4 lessons I learned from “the psychology of money” by Morgan Housel
When it comes to money, a lot of people focus on hard numbers and simple truths, but they ignore one key point: how you think on money matters.
I’ve always been interested in learning how to change my financial mindset and examine the relationship between money and mental health, so when I heard about Morgan Housel’s book “The Psychology of Money”, I read it. devoured.
The book is nicely divided into tangible lessons that you can apply to your own finances. For me, four lessons from the book have helped me improve my money mindset and invest more.

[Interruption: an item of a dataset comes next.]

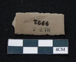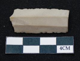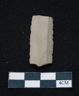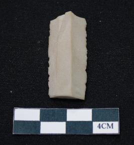 | Description / विवरण | Fragment of blade is dull brown in color, having both ends broken, retouched parallel sides, mid ridge on the top and triangular section. |

1. The magic ingredient in preparation is time
Compounding helps investors build wealth by generating returns on investments over time. These returns then continue to accumulate and contribute to asset growth. The composition is sometimes referred to as “earning interest on interest”.
Many of us know that composition works, but we can’t really figure it out on a large scale. Housel offers perspective as he glances at Warren Buffett.
Buffett is well known as one of the richest investors of all time, but it’s not just because of his skills as an investor.
Buffett started investing when he was a kid, at the age of 10, so his money has had decades to accumulate. Most of us can’t go back in time and fill out investment accounts that we never had, but we can start investing now. The longer your money stays in the market, the more it will grow.
Housel writes, “Warren Buffett is a phenomenal investor. But you are missing out on a key point if you equate all of its success with the meaning of investing. The real key to his success is that he has been a phenomenal investor for three quarters of a century.
What I take away is that time is our best friend, and starting today – and staying the course for the long haul – is the best way to build wealth.
2. You want to focus on being reasonable with money rather than being rational
One of my favorite parts of the book is when Housel writes that being reasonable with your money is more powerful than being rational.
He admits that we are humans with emotions, which will inevitably affect the way we feel and deal with our money. He writes, “You are not a spreadsheet. You are a person. An emotional and fucked up person. ”
In other words, while something might look good on paper just based on the numbers, it might not be the best long-term strategy.
He shares an example of how having a fever is actually good for fighting an infection. This is what makes sense rationally. But no one wants to suffer from the pain and chills or hot flashes of a fever. It is reasonable to take medication to feel better.
Housel writes: “My own theory is that, in the real world, people don’t want the mathematically optimal strategy. They want the strategy that maximizes the quality of their sleep at night.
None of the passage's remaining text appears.